Auf Einladung der Bezirksgruppen Pankow des Berliner Mietervereins und der Berliner MieterGemeinschaft e.V. diskutierten am 2. Dezember 1997 auf einem Bürgerforum im Rathaus Pankow Mieter, Mietervertretungen, Vermieter, Mitglieder der Bezirksverordnetenversammlung und des Bezirksamtes Pankow sowie der Topos-Stadtforschung Inhalt, Vor- und Nachteile sowie Stand der Erarbeitung einer Erhaltungsverordnung, auch Milieuschutzsatzung genannt, und der Festlegung von Mietobergrenzen für das Sanierungsgebiet Wollankstr. und für das Erweiterungsgebiet Süd im Pankower Zentrum.

Ca. 90 interessierte MieterInnen stellten Ihre Fragen an Herr Dr. Bossmann, Bezirksstadtrat für Bauen in Pankow, Herr Schmalor, Leiter der Sanierungsverwaltungsstelle im Bezirksamt, Herr Gude, Topos-Stadtforschung sowie Vertreter der Mieterorganisationen.

Die Erarbeitung und der Erlaß einer Erhaltungsverordnung und insbesondere die damit verbundene Festlegung der Mietobergrenzen beschäftigen die Verantwortlichen und Betroffenen im Bezirk bereits seit 1995 als ein entsprechender Beschluß gekoppelt an einen Auftrag an das Bezirksamt, in dieser Angelegenheit tätig zu werden, gefaßt wurde. Mit einer von Topos-Stadtforschung für das betroffene Gebiet erarbeiteten Studie liegen jetzt fundamentierte Erkenntnisse vor, die eine Erhaltungsverordnung einschließlich Mietobergrenzen begründen.

Soll die vorhandene soziale Struktur im Gebiet nicht durch die Folgen unbegrenzter Modernisierung zerstört werden, muß gehandelt werden. Nach dem Wegfall der Kappungsgrenzen für Modernisierungsumlagen ab 01.01.1998 und der im Mietspiegel ausgewiesenen hohen Werte für modernisierte Altbauwohnungen ist Gefahr im Verzuge. Sind doch schon jetzt die hohen Spannen im Mietspiegel ein Spiegelbild der vor Festlegung der Kappungsgrenzen 1995 unbegrenzten und unverhältnismäßigen Luxusmodernisierungen. Mietobergrenzen können die „Einstiegsmieten" nach Modernisierung dämpfen, verhindern können sie Mieterhöhungen nicht. In der Studie von Topos-Stadtforschung werden Mietobergrenzen in Höhe von 10,30 DM/m2 Wohnfläche bruttokalt für Wohnungen unter 40 m2, 9,30 DM/m2 für Wohnungen von 40 bis 60m2, 8,72 DM/m2 für Wohnungen von 60 bis 90 m2 und 8,10 DM/m2 für Wohnungen über 90 m2 empfohlen.

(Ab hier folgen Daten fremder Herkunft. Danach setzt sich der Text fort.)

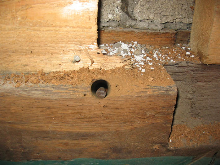 , dendrochronologisch onderzoek. Na het terugtrekken van de holle boor blijft in het midden een ronde staaf over, die er voorzichtig uitgehaald wordt

Es wurde deutlich gemacht, daß Mietobergrenzen nicht zwingend und nicht rechtlich einklagbar sind. Ihre Wirksamkeit hängt von der Mitwirkung der Mieterinnen und Mieter ab. Sie sind aufgefordert, bereits im Vorfeld von Modernisierungsmaßnahmen Kontakte mit den Mieterorganisationen und dem Bezirksamt zu suchen und die Modernisierungsankündigungen genau prüfen zu lassen. Nur so kann, auch wenn alle Baumaßnahmen auf der Grundlage einer Erhaltungsverordnung genehmigungspflichtig sind, durch die zuständigen Stellen wirksam gesichert werden, daß Mietobergrenzen auch eingehalten werden. Zur Unterstützung und Orientierung wurde den Teilnehmern des Bürgerforums eine Mieterinformation übergeben. So gelten Mietobergrenzen nur für Altbauten, für die Modernisierungen vorgesehen sind. Für bereits modernisierte Häuser und Neubauten einschließlich Dachausbauten sind sie nicht anwendbar. Doch auch der Widerstand gegen die Festlegung von Mietobergrenzen ist vorprogrammiert. Vertreter der Hausbesitzer und Investoren versuchen wieder zu beweisen, daß sich Modernisierungen bei Mietobergrenzen nicht mehr lohnen würden. Ehe die Verordnung durch die BVV entschieden werden kann, wird es noch ein langer Weg sein. Die MieterInnen werden also entschiedener den Erlaß einer solchen Ordnung einfordern müssen, anstatt vorrangig Einzelfragen zur Klärung zu stellen.

Im Ergebnis des Forums wurde mehrheitlich ein offener Brief an die Mitglieder der Bezirksverordnetenversammlung und des Bezirksamtes beschlossen, mit dem die Verabschiedung einer Erhaltungsverordnung einschließlich der Festlegung von Mietobergrenzen für dringend geboten und gefordert wurde.